(Stored records)

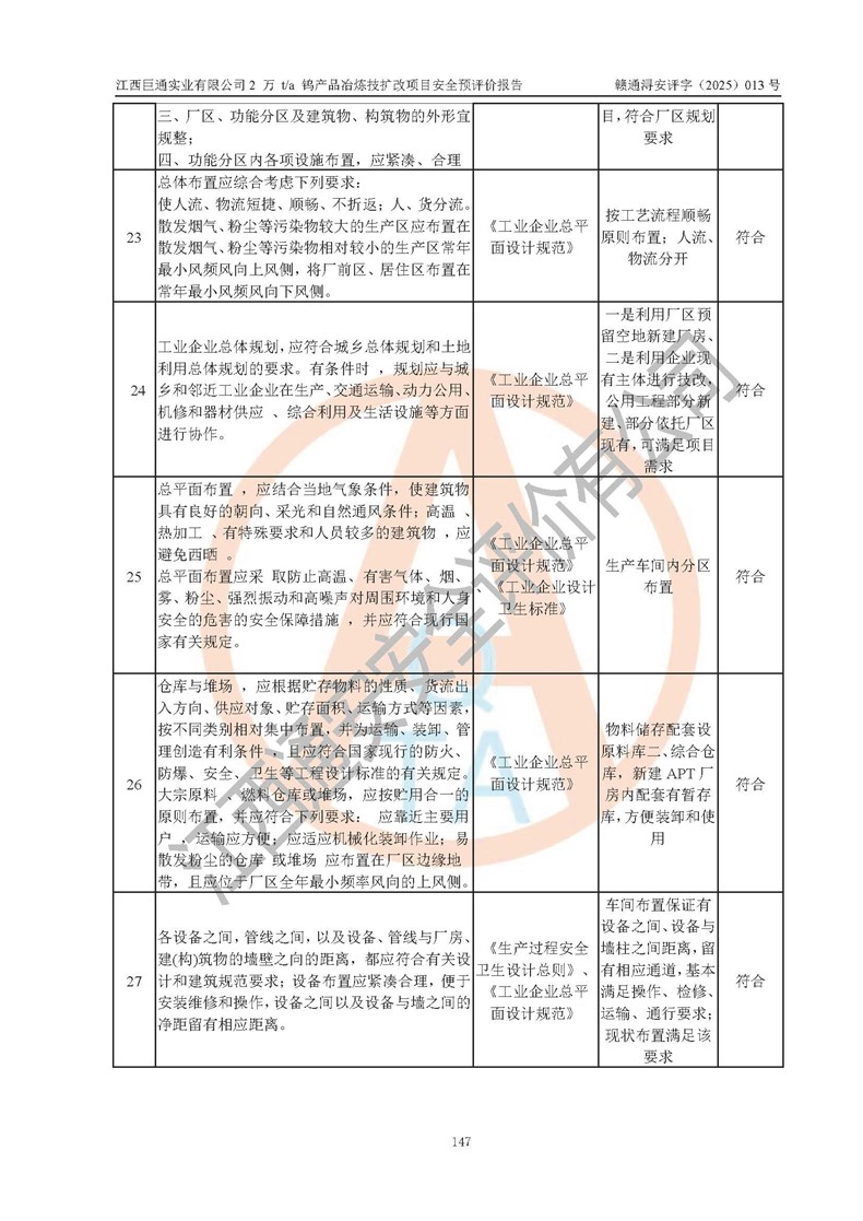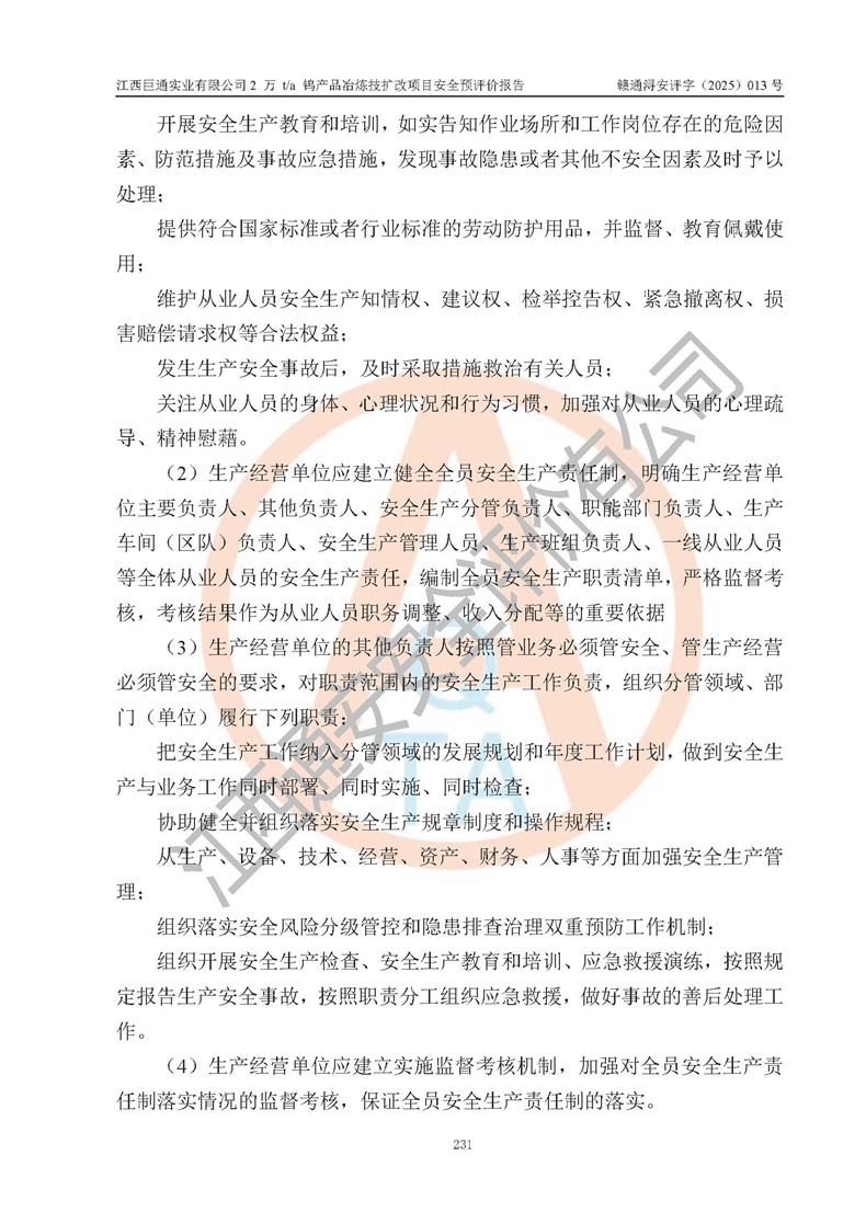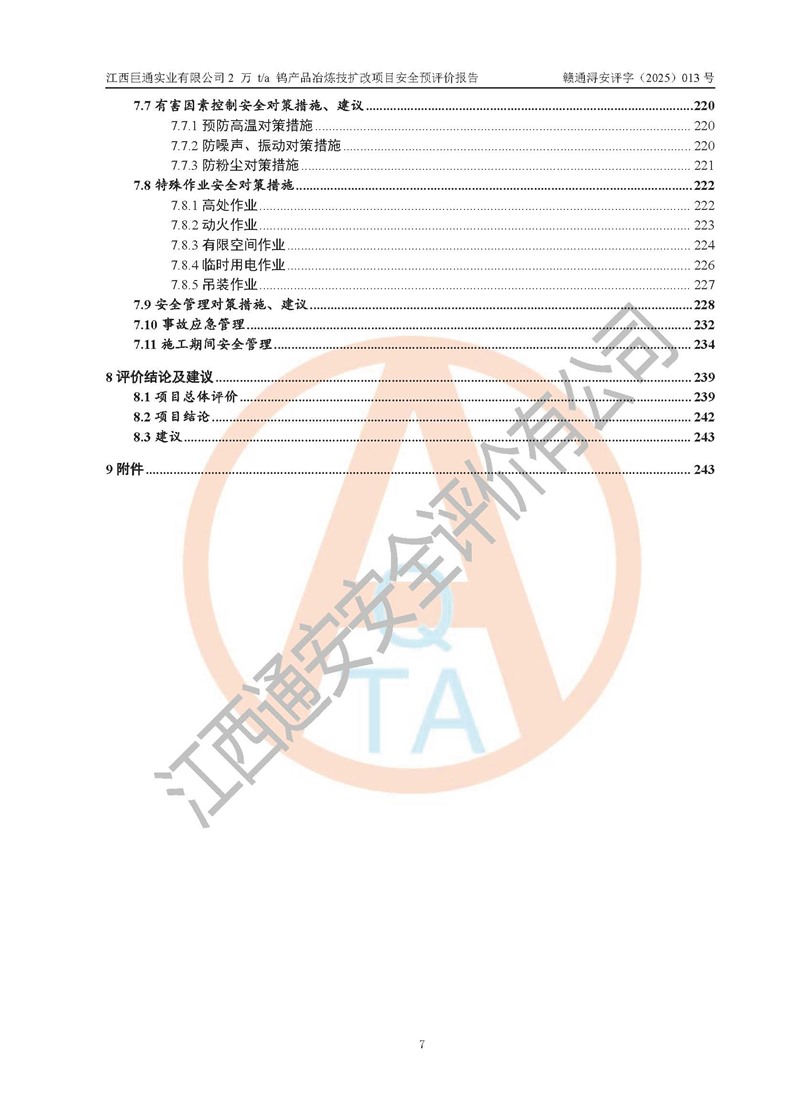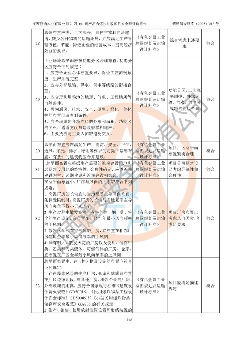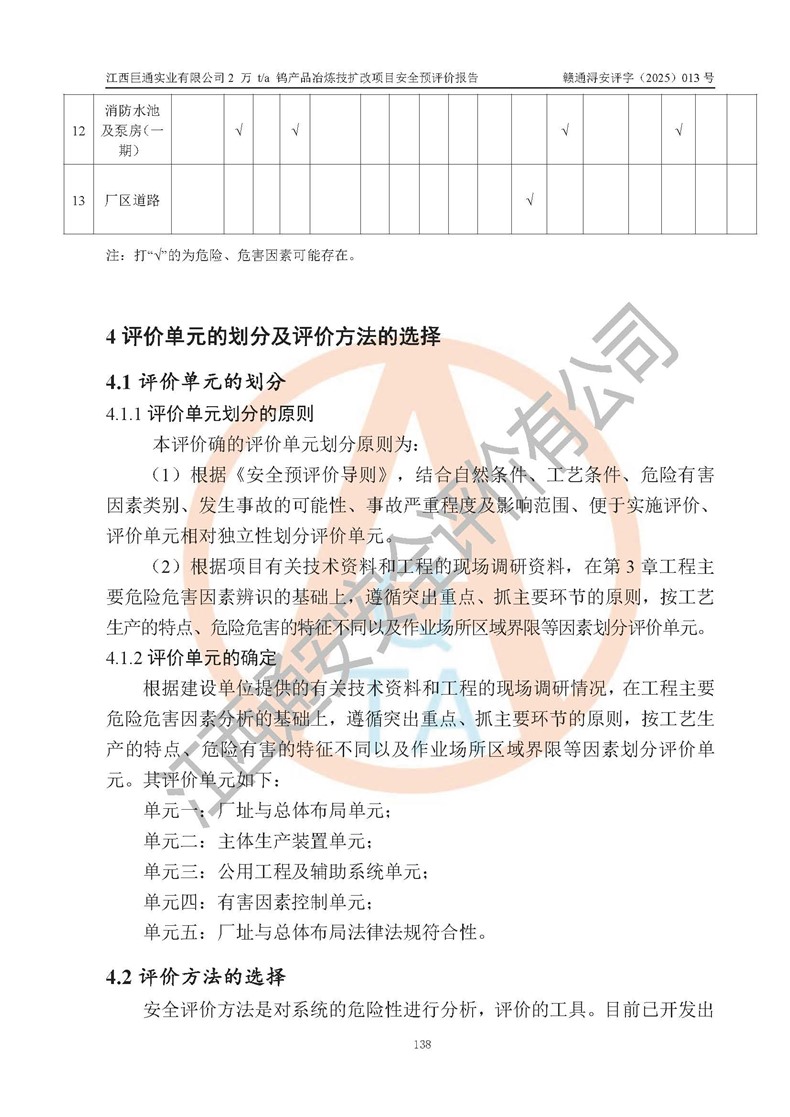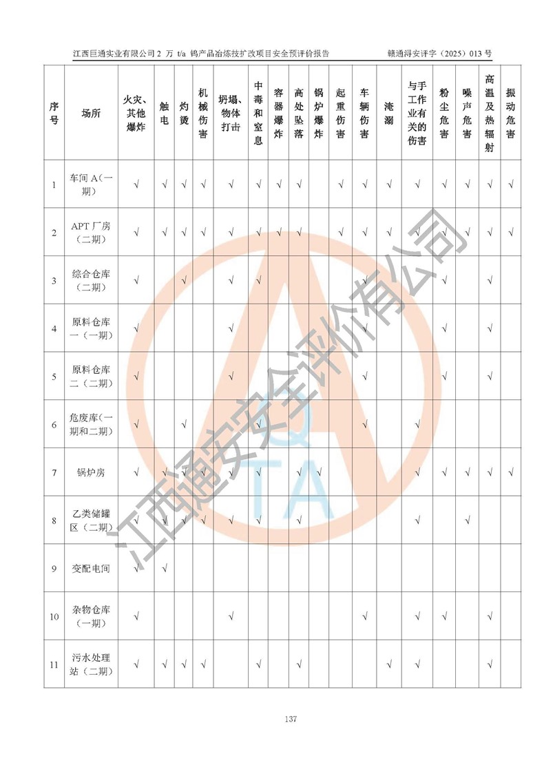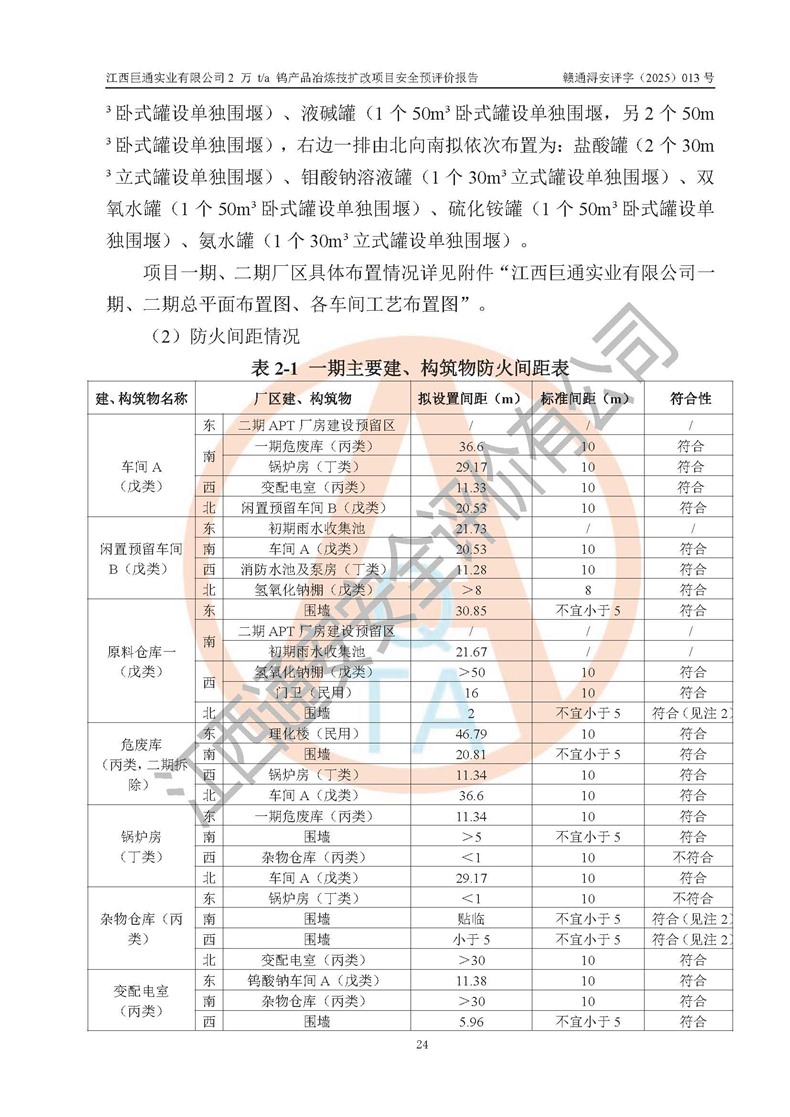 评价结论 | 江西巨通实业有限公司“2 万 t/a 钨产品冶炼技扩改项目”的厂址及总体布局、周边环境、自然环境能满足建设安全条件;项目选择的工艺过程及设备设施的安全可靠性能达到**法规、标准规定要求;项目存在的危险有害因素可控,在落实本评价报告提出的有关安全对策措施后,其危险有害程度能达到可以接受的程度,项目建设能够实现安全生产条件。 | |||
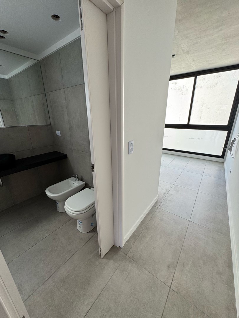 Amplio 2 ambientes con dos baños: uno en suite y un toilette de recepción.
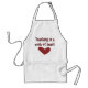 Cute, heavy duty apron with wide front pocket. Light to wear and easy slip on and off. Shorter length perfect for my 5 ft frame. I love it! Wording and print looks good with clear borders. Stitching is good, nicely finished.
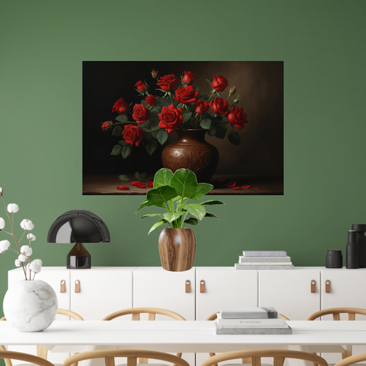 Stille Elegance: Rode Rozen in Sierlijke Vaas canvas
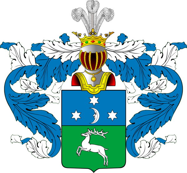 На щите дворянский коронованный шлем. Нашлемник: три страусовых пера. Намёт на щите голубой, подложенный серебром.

— What to do —
The lines to be quoted run from the line containing "Cute, heavy duty" through the end of the entries above, both included; quote them exactly and leave out any pictures.

— Completed exercise —
 Cute, heavy duty apron with wide front pocket. Light to wear and easy slip on and off. Shorter length perfect for my 5 ft frame. I love it! Wording and print looks good with clear borders. Stitching is good, nicely finished.
 Stille Elegance: Rode Rozen in Sierlijke Vaas canvas
 На щите дворянский коронованный шлем. Нашлемник: три страусовых пера. Намёт на щите голубой, подложенный серебром.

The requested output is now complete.